# [Data provided]

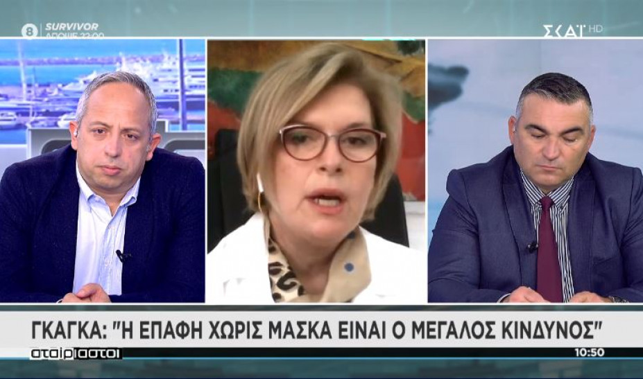 Η κ. Γκάγκα σημείωσε ότι στο νοσοκομείο φτάνουν πολίτες που βρέθηκαν σε μαζέματα 10 ατόμων στις γιορτές χωρίς μάσκες. Αντίθετα κατά τη μεγάλη συγκέντρωση έξω από τον Άρειο Πάγο κατά την καταδίκη της Χρυσής Αυγής, ενώ οι επιστήμονες ανησυχούσαν, ο συνωστισμός δεν μετατράπηκε σε έξαρση κρουσμάτων καθώς πάρα πολύς κόσμος φορούσε μάσκα και βρίσκονταν σε εξωτερικό χώρο.
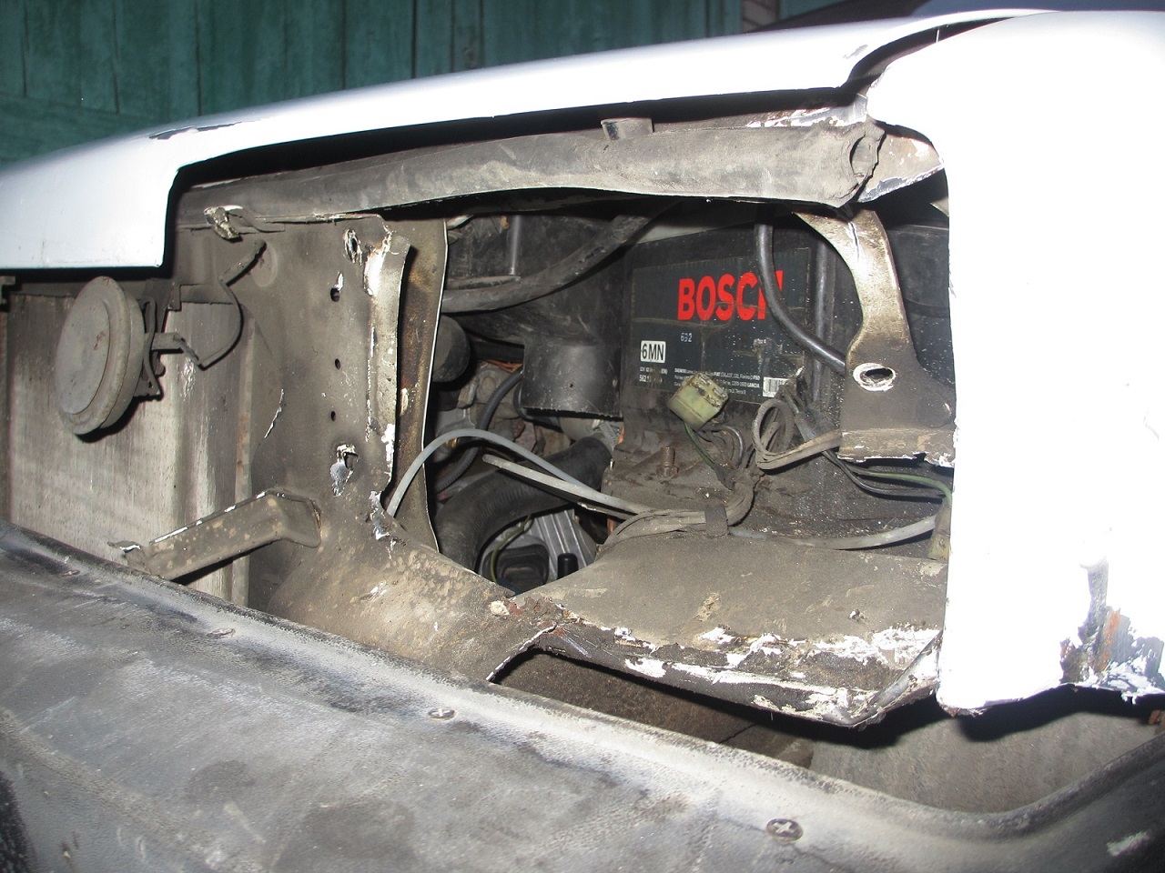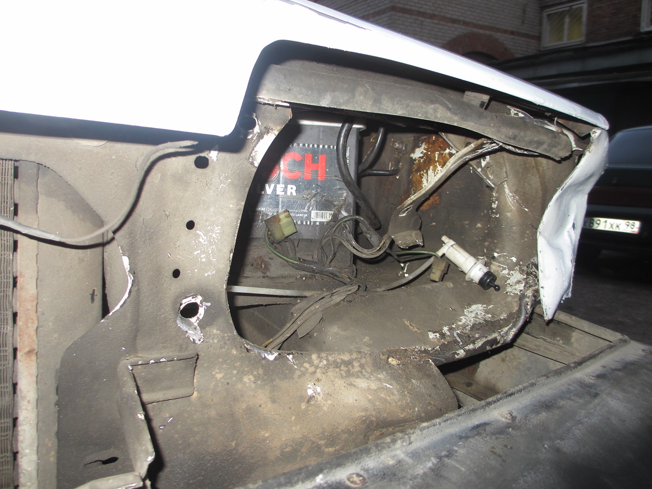 Далее были поиски запчастей. И о чудо: найден крашеный заводской капот без повреждений в моем цвете, немного царапанный и с вмятиной по кромке, но он мне подошел идеально.
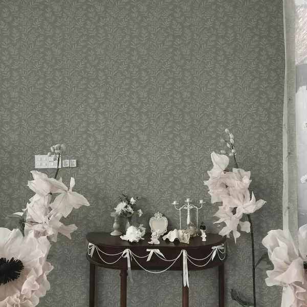 Tapet Salvie verde: ierburi fine și inflorescențe, model delicat Nr. a00611

# [What this task involves]
What is needed is a verbatim copy of the lines from the line with "Далее были поиски" through the last line of the listing, pictures excluded.

# [Solved problem]
 Далее были поиски запчастей. И о чудо: найден крашеный заводской капот без повреждений в моем цвете, немного царапанный и с вмятиной по кромке, но он мне подошел идеально.
 Tapet Salvie verde: ierburi fine și inflorescențe, model delicat Nr. a00611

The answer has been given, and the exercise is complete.